I don’t care to give him the satisfaction, but I’m dying inside. My body is numb. All the niggling doubts I had come to fruition. If he lied about what he did for a living, he’ll lie about everything else.

The guilt I had about lying to him doesn’t feel any better, but hearing this man’s words it feels like someone has taken a rusty razor blade to the most sensitive parts of me.

A new being comes alive in my core. I’m not Ginger anymore and I’m not Stephanie. I don’t know who I am.

An aching, wretched soul that grabs onto my heart and squeezes, laughing and saying every sort of I-told-you-so.

I’ll take whatever is next, as long as it takes me away from here.

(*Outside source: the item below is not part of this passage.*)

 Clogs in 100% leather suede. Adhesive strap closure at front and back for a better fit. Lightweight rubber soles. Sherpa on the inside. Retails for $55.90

From Stas. From the painful entity that has sprung to life inside of me. As long as they don’t hurt him. I still don’t want that, ever. Or my donkeys.

13

Stas

I’m ready to tear into anything within reach.

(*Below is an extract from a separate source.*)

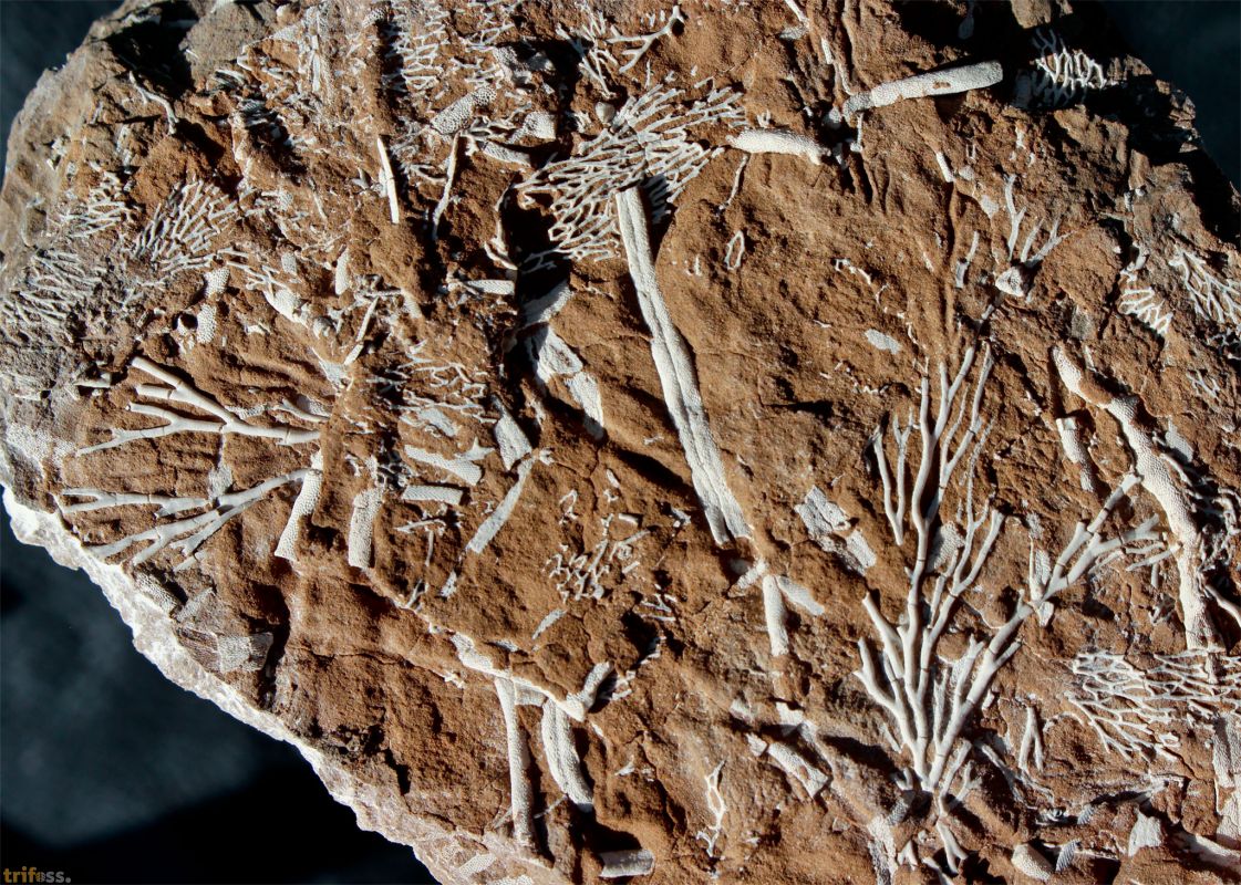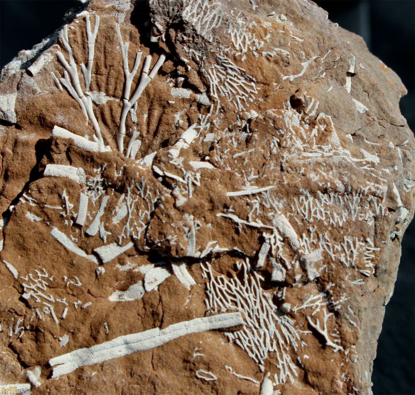 Dies ist eine schöne Bryozoen - Platte aus dem Kuckersit von Estland mit Chasmatopora furcata.

The warehouse where we are gathered is filled with guys, but we still have zero idea where my girl’s being held and the deadline is looming. When George hands me an iPad with a video feed running, I’m ready to tear his fucking head off, but the look in his eyes tells me this is important.

On the video screen I see Hamish—one of the army of George’s less-than-sparkling-clean acquaintances—holding a man by the back of his jacket. Hamish is a local; he comes from near Herald, Virginia, where Ginger had said her family lived in that fucking cult.

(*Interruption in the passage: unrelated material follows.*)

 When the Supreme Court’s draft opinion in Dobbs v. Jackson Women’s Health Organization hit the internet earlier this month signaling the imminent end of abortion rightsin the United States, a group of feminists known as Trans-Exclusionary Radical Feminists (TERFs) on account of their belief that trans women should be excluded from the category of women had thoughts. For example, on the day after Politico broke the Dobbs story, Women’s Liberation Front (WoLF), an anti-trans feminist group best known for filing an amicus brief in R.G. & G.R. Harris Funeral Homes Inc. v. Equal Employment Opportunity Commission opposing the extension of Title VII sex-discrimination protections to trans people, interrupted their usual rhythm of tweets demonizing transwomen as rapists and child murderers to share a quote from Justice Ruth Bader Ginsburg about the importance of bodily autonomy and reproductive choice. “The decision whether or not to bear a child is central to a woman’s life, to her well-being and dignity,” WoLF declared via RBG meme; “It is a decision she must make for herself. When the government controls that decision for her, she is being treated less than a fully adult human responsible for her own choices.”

I never could find any evidence or history of a cult near there but that didn’t mean they didn’t exist, so it was a long shot but we set up a bunch of guys in the area asking questions, flashing Ginger’s picture and trying to beat the bushes for anything about anything.

My thinking was maybe, just maybe, there was some bit of information Calfus knew about her or the cult or something. It didn’t make any logical sense, but you follow every lead and clue until it isn’t one anymore.

I wasn’t going to dismiss the possibility there was some thread that may tie some clues together. Guess it paid off.

We had Hamish running surveillance around Herald at bars and questioning some informants around the area that were friendly to our sort.

When I told George to set me up with an army, he took it very seriously with more scouts than I could count.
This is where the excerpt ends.